There’s no uranium inside Pittsburgh Technical’s mock reactor, but there are mock fuel rods and mock radioactive particles — microscopic specks of metal whose movements are measured with high-powered lasers. The pressure is real — the vessel will be under 200 pounds per square inch of pressure and will get as hot at 500 degrees Fahrenheit.
All the while, Mr. Talabi’s team will be taking measurements and sharing them with industry trade groups, reactor designers and regulators, all of whom have an interest in understanding the risk profile of the new technology.
Taking the ideas overseas
Mr.
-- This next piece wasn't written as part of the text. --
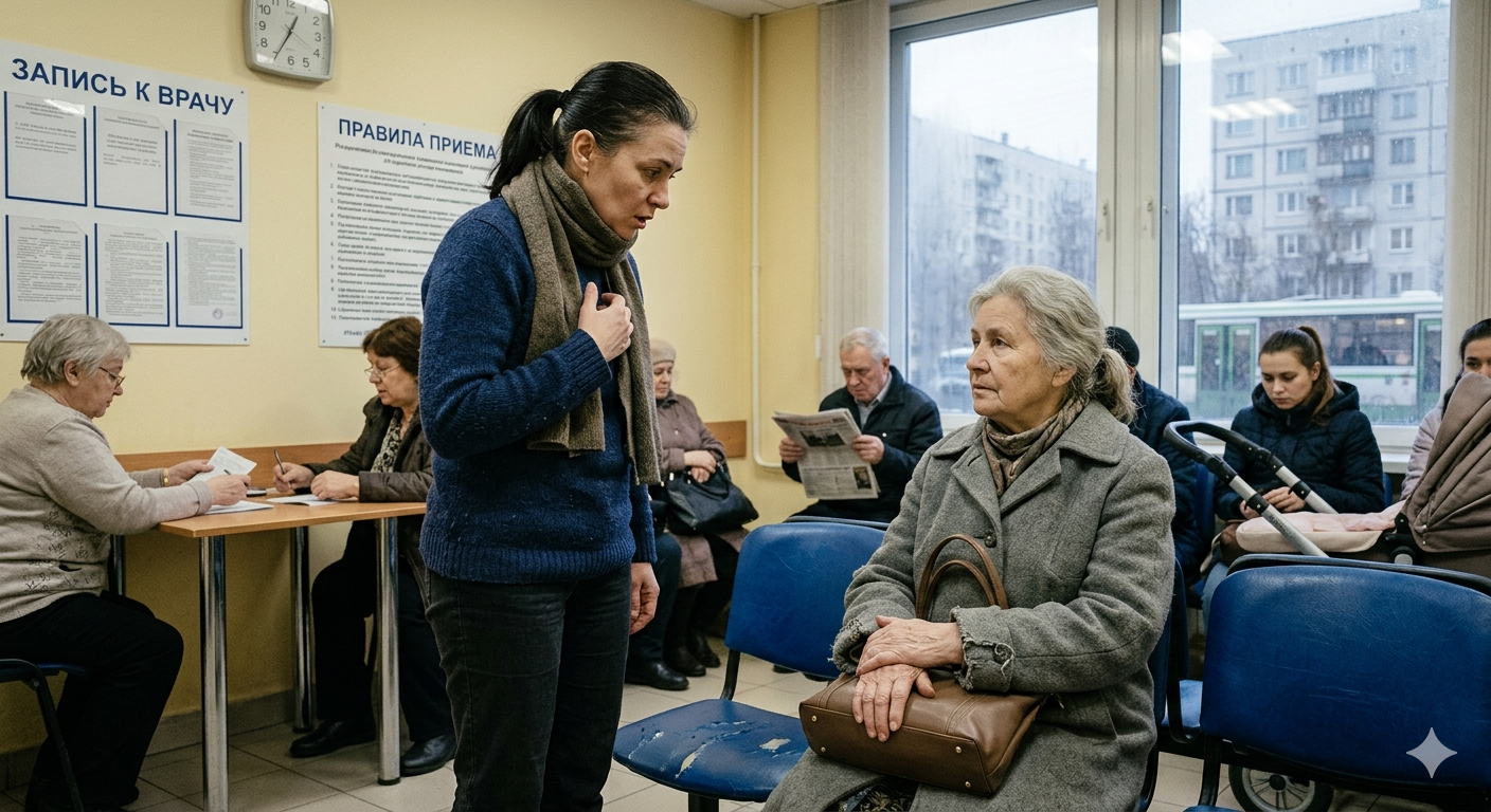 Очередь в районной поликлинике была длинной. Ноябрь принёс с собой сезон простуд, и в регистратуру стояло человек двадцать. Пахло казённо: хлоркой, немного старыми бумагами. Сидели на синих пластиковых стульях: пожилая пара в одинаковых пуховиках, молодая мама с коляской, мужчина с перевязанной рукой. Обычные люди. Которых Елена раньше не замечала.
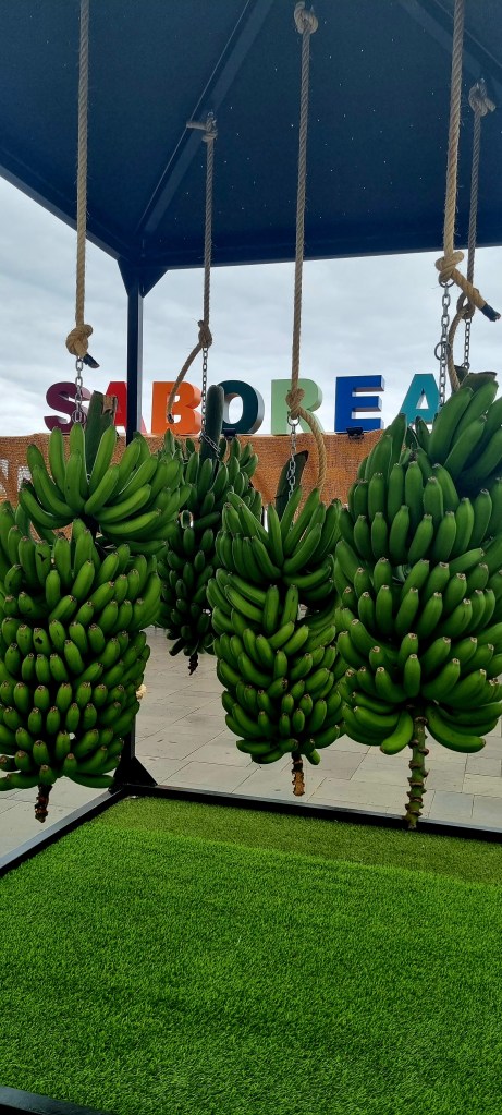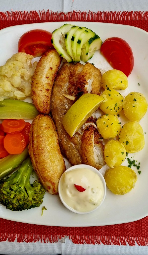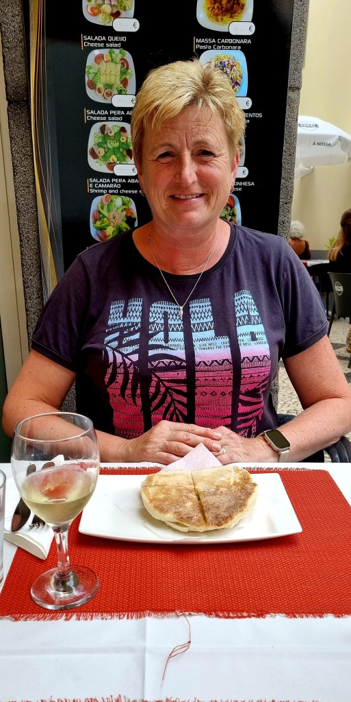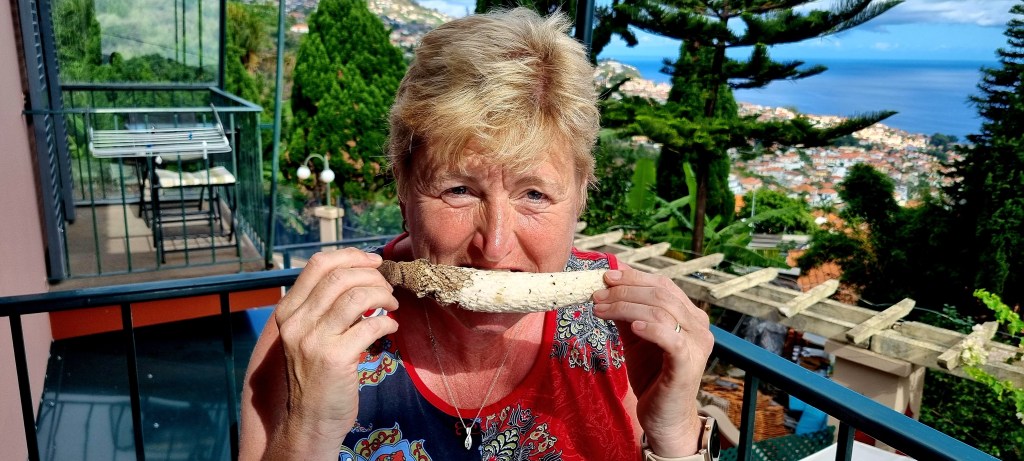 We wandered around for a bit before deciding on somewhere to eat. There was a lot of choice, but we decided on a place because the waitress was very friendly. We had the local garlic bread (Bolo) to start and scabbard fish and bananas as the main.

Talabi channels the sense of urgency that has intensified in the U.S. nuclear industry in recent years, with many, including the CEO of Westinghouse, publicly warning that American nuclear development is in danger of being left behind.
U.S. reactor designers are competing with efforts abroad that have the full weight of their governments, which means help in financing and possibly a shorter regulatory timeline.
“Reactor designers are looking at foreign customers and foreign regulators,” said Amy Roma, partner at Hogan Lovells in Washington, D.C., who works on nuclear licensing.
“The main funding for all of these comes from private capital, and when you’re talking to the investment community, you need to demonstrate regulatory certainty and a timeline that makes sense.”
In 2015, the Washington, D.C., think tank Third Way counted nearly 50 U.S. entities working on advanced nuclear reactors. The organization said $1.6 billion in private capital supports those efforts and many are being pioneered abroad.
Small modular reactors, defined as producing up to 300 megawatts of electricity, are thought of as a kind of bridge between the large light water reactors used today — which use uranium fuel and are cooled by water — and the advanced concepts being developed. Those include reactors cooled by liquid metal or molten salt, reactors that can use non-enriched uranium, or even spent fuel, and those powered by nuclear fusion.
In a commercial civilian setting, these are first-of-a-kind technologies. Regulators must balance the promised smaller risk profile with the risk inherent in first-of-a-kind anything.
Some expect that process will move along quicker outside of the United States.
Westinghouse may be a case in point. The Cranberry-based firm worked for years on a 225-megawatt reactor design but after twice being passed over for federal SMR funding, it scaled back its commercialization efforts in 2014.
Now it is trying to appeal to the U.K. with its small modular reactor concept, specifically promising the European nation that it can actually make the reactors and fuel there.